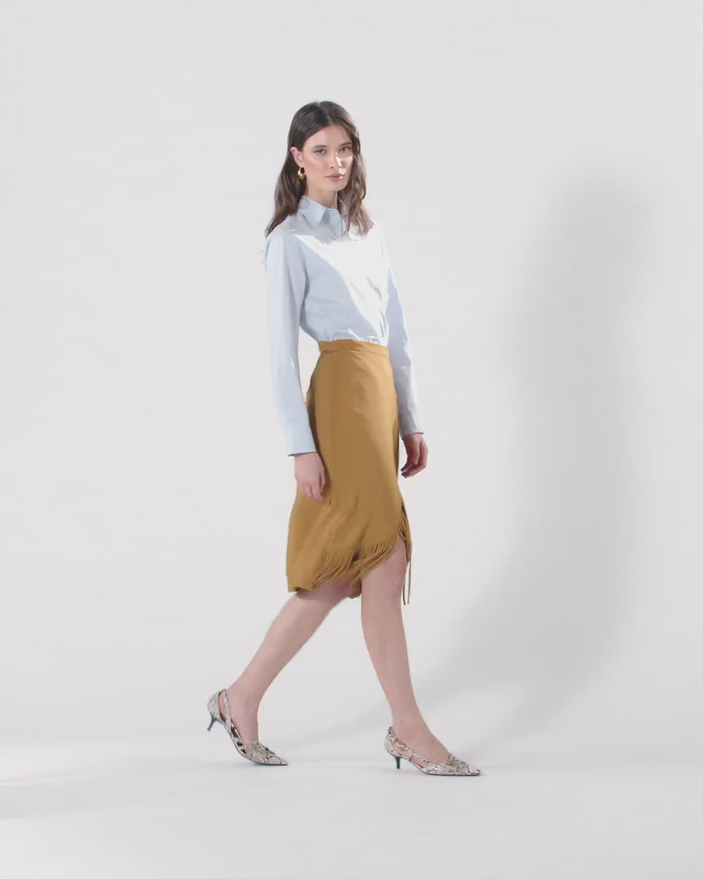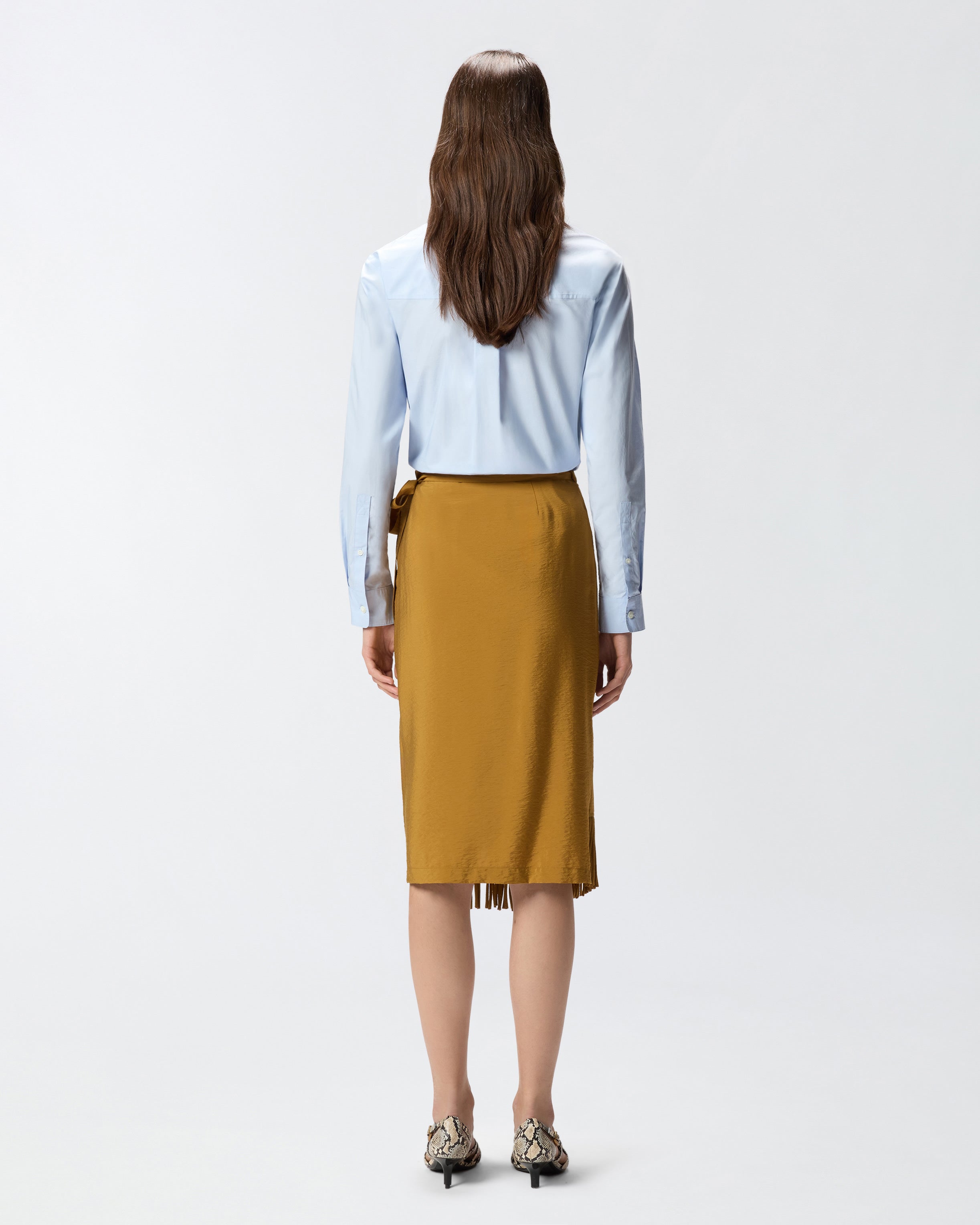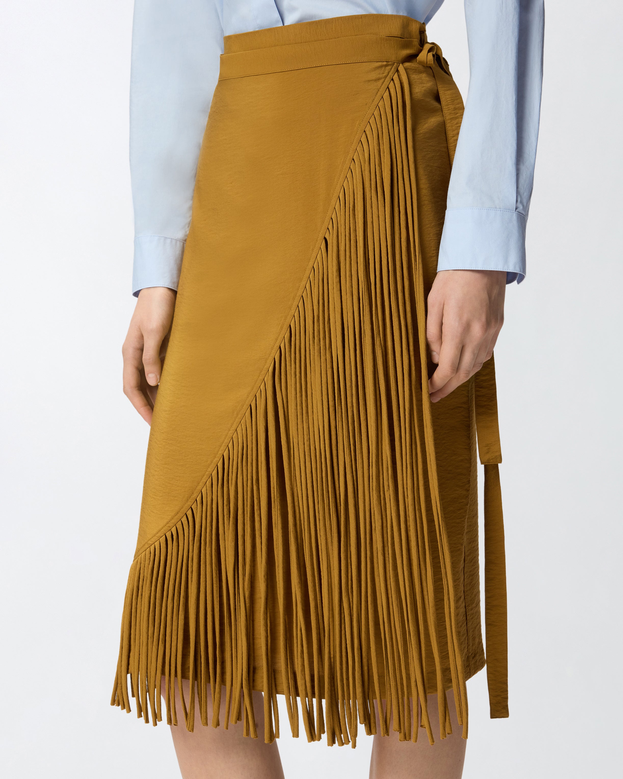 Calf-length skirt in washed viscose canvas with a slightly crinkled, semi-shiny finish, featuring a straight yet fluid silhouette and a wrap-style fastening with ribbons to tie at the side. The style has a Western-inspired design reinterpreted in true PINKO style, with long tubular hand-made fringes which outline the front panel, adding movement to every step you take. Pair this skirt with a minimalist top for a beach or pool party, or if you have a soft spot for Country style, wear it with the matching fringe shirt to give your daytime looks a playful twist.
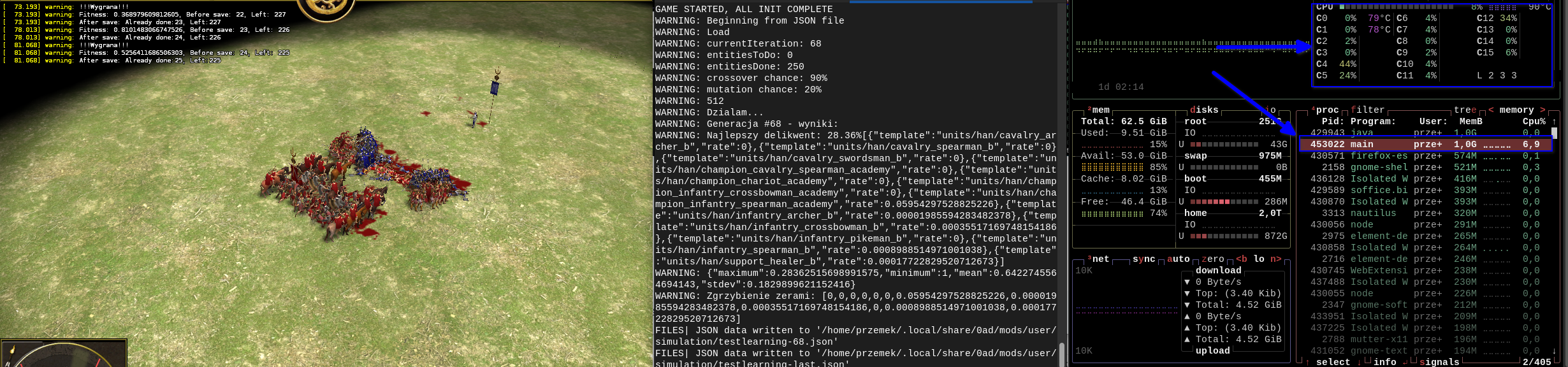 Nope, this is not the issue. Script works correctly. It was just redundancy but didn't affect anything. I removed "TestLearningCommand" so you could see it had nothing to do with this matter. Problem is that --autostart-nonvisual does *something*, but certainly not what user selected with "-autostart". Here are some proofs: --autostart-nonvisual causes high CPU usage and uses all cores. While regular game uses only one thread (~6-7%). My script should generate "debug.json" after start, and about each minute performs the save game. With --autostart-nonvisual nothing happens. Even if we assumed --autostart-nonvisual suppressed all warnings, but still performed map and scripts, I should expect to JSON files and savegame to be created. --autostart-nonvisual uses only ~250Mb of memory. My script after start uses ~1G and after 15min consumes around 5G. It's combat between ~300units performed each 5sec. Screen below pertains --autostart-nonvisual: Certainly pyrogenesis performs some heavy computations on all cores. And selected map is not being run. While this screen below is without -autostart-nonvisual. One core used, JSON files produced, output produced, and all works as intended: I checked on windows and it's same story. The only difference is that if you use --autostart-nonvisual, "Turn (....)" output is not being produced at all, program exits immediately spawning another process. Rest is the same. Spawned process *does something* on all cores, but not running the map that it was asked. -
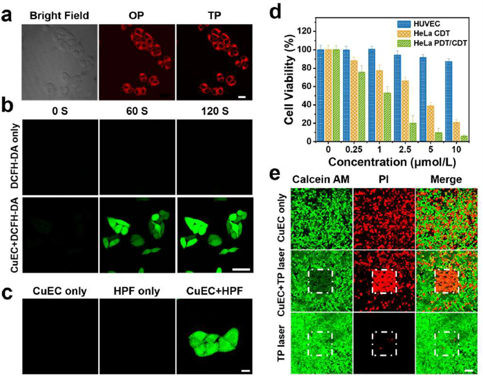 | Fig. 4. (a) Fluorescent images of HeLa cells incubated with CuEC (5 µmol/L) under OP (488 nm) and TP (1000 nm) excitation. Scale bar: 20 µm. (b) Intracellular generation of ROS using DCFH-DA (5 µmol/L) as probe under 1000 nm fs laser irradiation. Scale bar: 20 µm. (c) Intracellular generation of •OH using HPF (5 µmol/L) as probe. Scale bar: 20 µm. (d) MTT assay of HUVEC and HeLa cells. (e) Calcein AM/PI co-staining analysis of HeLa cells. Scale bar: 100 µm. | |
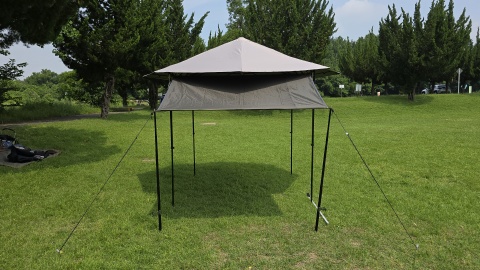 サイドウォールをポールで立ち上げる場合は[SOLO UP/ワンアクションタープM-1424]の上段位よりも中段位の方が本体フレームの安定度が高い。テントやミニバンと併用せず、単体で使用するなら中段位をベースとして方が耐風性が高いと考えられる。

-- TASK GOAL --
Transcribe the listing above verbatim. No picture belongs in the result.

-- OUTPUT OF THE TASK --
 Calf-length skirt in washed viscose canvas with a slightly crinkled, semi-shiny finish, featuring a straight yet fluid silhouette and a wrap-style fastening with ribbons to tie at the side. The style has a Western-inspired design reinterpreted in true PINKO style, with long tubular hand-made fringes which outline the front panel, adding movement to every step you take. Pair this skirt with a minimalist top for a beach or pool party, or if you have a soft spot for Country style, wear it with the matching fringe shirt to give your daytime looks a playful twist.
 Nope, this is not the issue. Script works correctly. It was just redundancy but didn't affect anything. I removed "TestLearningCommand" so you could see it had nothing to do with this matter. Problem is that --autostart-nonvisual does *something*, but certainly not what user selected with "-autostart". Here are some proofs: --autostart-nonvisual causes high CPU usage and uses all cores. While regular game uses only one thread (~6-7%). My script should generate "debug.json" after start, and about each minute performs the save game. With --autostart-nonvisual nothing happens. Even if we assumed --autostart-nonvisual suppressed all warnings, but still performed map and scripts, I should expect to JSON files and savegame to be created. --autostart-nonvisual uses only ~250Mb of memory. My script after start uses ~1G and after 15min consumes around 5G. It's combat between ~300units performed each 5sec. Screen below pertains --autostart-nonvisual: Certainly pyrogenesis performs some heavy computations on all cores. And selected map is not being run. While this screen below is without -autostart-nonvisual. One core used, JSON files produced, output produced, and all works as intended: I checked on windows and it's same story. The only difference is that if you use --autostart-nonvisual, "Turn (....)" output is not being produced at all, program exits immediately spawning another process. Rest is the same. Spawned process *does something* on all cores, but not running the map that it was asked. -
 | Fig. 4. (a) Fluorescent images of HeLa cells incubated with CuEC (5 µmol/L) under OP (488 nm) and TP (1000 nm) excitation. Scale bar: 20 µm. (b) Intracellular generation of ROS using DCFH-DA (5 µmol/L) as probe under 1000 nm fs laser irradiation. Scale bar: 20 µm. (c) Intracellular generation of •OH using HPF (5 µmol/L) as probe. Scale bar: 20 µm. (d) MTT assay of HUVEC and HeLa cells. (e) Calcein AM/PI co-staining analysis of HeLa cells. Scale bar: 100 µm. | |
 サイドウォールをポールで立ち上げる場合は[SOLO UP/ワンアクションタープM-1424]の上段位よりも中段位の方が本体フレームの安定度が高い。テントやミニバンと併用せず、単体で使用するなら中段位をベースとして方が耐風性が高いと考えられる。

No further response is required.